Copy the entries that follow, exactly and completely.

(Stored records)
.....

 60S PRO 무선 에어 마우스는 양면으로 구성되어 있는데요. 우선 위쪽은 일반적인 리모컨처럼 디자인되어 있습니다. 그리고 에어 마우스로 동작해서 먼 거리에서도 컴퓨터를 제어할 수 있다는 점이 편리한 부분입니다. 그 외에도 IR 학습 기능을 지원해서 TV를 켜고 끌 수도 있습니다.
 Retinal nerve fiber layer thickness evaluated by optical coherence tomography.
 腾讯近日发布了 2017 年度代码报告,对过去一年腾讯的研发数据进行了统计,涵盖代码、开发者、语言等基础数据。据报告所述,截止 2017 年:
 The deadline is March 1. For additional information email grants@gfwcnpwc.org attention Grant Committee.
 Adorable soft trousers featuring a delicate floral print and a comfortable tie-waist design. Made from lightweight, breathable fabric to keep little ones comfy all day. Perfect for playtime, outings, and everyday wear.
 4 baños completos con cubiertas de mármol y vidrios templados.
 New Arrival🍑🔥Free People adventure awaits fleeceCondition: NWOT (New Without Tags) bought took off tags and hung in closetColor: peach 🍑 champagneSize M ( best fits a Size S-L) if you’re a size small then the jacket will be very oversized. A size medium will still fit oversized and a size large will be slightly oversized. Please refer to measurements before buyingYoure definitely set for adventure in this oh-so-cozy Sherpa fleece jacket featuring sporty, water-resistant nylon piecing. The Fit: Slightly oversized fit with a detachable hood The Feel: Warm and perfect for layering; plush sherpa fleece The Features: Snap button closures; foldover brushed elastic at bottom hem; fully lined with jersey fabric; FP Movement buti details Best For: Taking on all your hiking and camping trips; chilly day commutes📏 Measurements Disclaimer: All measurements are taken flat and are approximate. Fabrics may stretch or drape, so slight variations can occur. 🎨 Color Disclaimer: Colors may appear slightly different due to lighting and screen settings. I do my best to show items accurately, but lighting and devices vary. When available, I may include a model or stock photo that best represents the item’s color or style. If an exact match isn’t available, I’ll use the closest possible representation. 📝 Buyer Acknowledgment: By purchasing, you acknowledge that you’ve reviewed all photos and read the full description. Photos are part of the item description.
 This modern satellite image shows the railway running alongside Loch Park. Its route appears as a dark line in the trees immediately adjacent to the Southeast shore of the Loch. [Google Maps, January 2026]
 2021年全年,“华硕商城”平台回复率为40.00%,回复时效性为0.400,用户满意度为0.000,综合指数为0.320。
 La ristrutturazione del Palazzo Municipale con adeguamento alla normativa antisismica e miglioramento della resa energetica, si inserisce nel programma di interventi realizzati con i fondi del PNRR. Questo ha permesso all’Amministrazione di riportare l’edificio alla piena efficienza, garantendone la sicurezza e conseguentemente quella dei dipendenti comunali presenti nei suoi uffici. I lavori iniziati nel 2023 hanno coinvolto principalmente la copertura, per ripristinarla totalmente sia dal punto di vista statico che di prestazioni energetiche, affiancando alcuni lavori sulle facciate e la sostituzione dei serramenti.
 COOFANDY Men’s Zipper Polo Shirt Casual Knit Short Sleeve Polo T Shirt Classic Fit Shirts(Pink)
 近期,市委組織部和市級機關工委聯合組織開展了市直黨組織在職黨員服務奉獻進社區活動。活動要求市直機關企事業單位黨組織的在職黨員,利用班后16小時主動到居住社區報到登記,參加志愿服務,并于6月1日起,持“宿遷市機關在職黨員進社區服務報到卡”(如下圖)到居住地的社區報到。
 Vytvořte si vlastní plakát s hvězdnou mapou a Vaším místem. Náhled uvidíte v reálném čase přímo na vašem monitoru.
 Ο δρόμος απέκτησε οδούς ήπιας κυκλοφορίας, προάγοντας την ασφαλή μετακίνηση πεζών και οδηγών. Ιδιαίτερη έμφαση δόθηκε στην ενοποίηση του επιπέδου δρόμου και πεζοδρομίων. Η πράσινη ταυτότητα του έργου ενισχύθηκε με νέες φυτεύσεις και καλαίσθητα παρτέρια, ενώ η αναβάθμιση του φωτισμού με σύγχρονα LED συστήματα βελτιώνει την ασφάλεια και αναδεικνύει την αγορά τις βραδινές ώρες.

.....

| Response |
 60S PRO 무선 에어 마우스는 양면으로 구성되어 있는데요. 우선 위쪽은 일반적인 리모컨처럼 디자인되어 있습니다. 그리고 에어 마우스로 동작해서 먼 거리에서도 컴퓨터를 제어할 수 있다는 점이 편리한 부분입니다. 그 외에도 IR 학습 기능을 지원해서 TV를 켜고 끌 수도 있습니다.
 Retinal nerve fiber layer thickness evaluated by optical coherence tomography.
 腾讯近日发布了 2017 年度代码报告,对过去一年腾讯的研发数据进行了统计,涵盖代码、开发者、语言等基础数据。据报告所述,截止 2017 年:
 The deadline is March 1. For additional information email grants@gfwcnpwc.org attention Grant Committee.
 Adorable soft trousers featuring a delicate floral print and a comfortable tie-waist design. Made from lightweight, breathable fabric to keep little ones comfy all day. Perfect for playtime, outings, and everyday wear.
 4 baños completos con cubiertas de mármol y vidrios templados.
 New Arrival🍑🔥Free People adventure awaits fleeceCondition: NWOT (New Without Tags) bought took off tags and hung in closetColor: peach 🍑 champagneSize M ( best fits a Size S-L) if you’re a size small then the jacket will be very oversized. A size medium will still fit oversized and a size large will be slightly oversized. Please refer to measurements before buyingYoure definitely set for adventure in this oh-so-cozy Sherpa fleece jacket featuring sporty, water-resistant nylon piecing. The Fit: Slightly oversized fit with a detachable hood The Feel: Warm and perfect for layering; plush sherpa fleece The Features: Snap button closures; foldover brushed elastic at bottom hem; fully lined with jersey fabric; FP Movement buti details Best For: Taking on all your hiking and camping trips; chilly day commutes📏 Measurements Disclaimer: All measurements are taken flat and are approximate. Fabrics may stretch or drape, so slight variations can occur. 🎨 Color Disclaimer: Colors may appear slightly different due to lighting and screen settings. I do my best to show items accurately, but lighting and devices vary. When available, I may include a model or stock photo that best represents the item’s color or style. If an exact match isn’t available, I’ll use the closest possible representation. 📝 Buyer Acknowledgment: By purchasing, you acknowledge that you’ve reviewed all photos and read the full description. Photos are part of the item description.
 This modern satellite image shows the railway running alongside Loch Park. Its route appears as a dark line in the trees immediately adjacent to the Southeast shore of the Loch. [Google Maps, January 2026]
 2021年全年,“华硕商城”平台回复率为40.00%,回复时效性为0.400,用户满意度为0.000,综合指数为0.320。
 La ristrutturazione del Palazzo Municipale con adeguamento alla normativa antisismica e miglioramento della resa energetica, si inserisce nel programma di interventi realizzati con i fondi del PNRR. Questo ha permesso all’Amministrazione di riportare l’edificio alla piena efficienza, garantendone la sicurezza e conseguentemente quella dei dipendenti comunali presenti nei suoi uffici. I lavori iniziati nel 2023 hanno coinvolto principalmente la copertura, per ripristinarla totalmente sia dal punto di vista statico che di prestazioni energetiche, affiancando alcuni lavori sulle facciate e la sostituzione dei serramenti.
 COOFANDY Men’s Zipper Polo Shirt Casual Knit Short Sleeve Polo T Shirt Classic Fit Shirts(Pink)
 近期,市委組織部和市級機關工委聯合組織開展了市直黨組織在職黨員服務奉獻進社區活動。活動要求市直機關企事業單位黨組織的在職黨員,利用班后16小時主動到居住社區報到登記,參加志愿服務,并于6月1日起,持“宿遷市機關在職黨員進社區服務報到卡”(如下圖)到居住地的社區報到。
 Vytvořte si vlastní plakát s hvězdnou mapou a Vaším místem. Náhled uvidíte v reálném čase přímo na vašem monitoru.
 Ο δρόμος απέκτησε οδούς ήπιας κυκλοφορίας, προάγοντας την ασφαλή μετακίνηση πεζών και οδηγών. Ιδιαίτερη έμφαση δόθηκε στην ενοποίηση του επιπέδου δρόμου και πεζοδρομίων. Η πράσινη ταυτότητα του έργου ενισχύθηκε με νέες φυτεύσεις και καλαίσθητα παρτέρια, ενώ η αναβάθμιση του φωτισμού με σύγχρονα LED συστήματα βελτιώνει την ασφάλεια και αναδεικνύει την αγορά τις βραδινές ώρες.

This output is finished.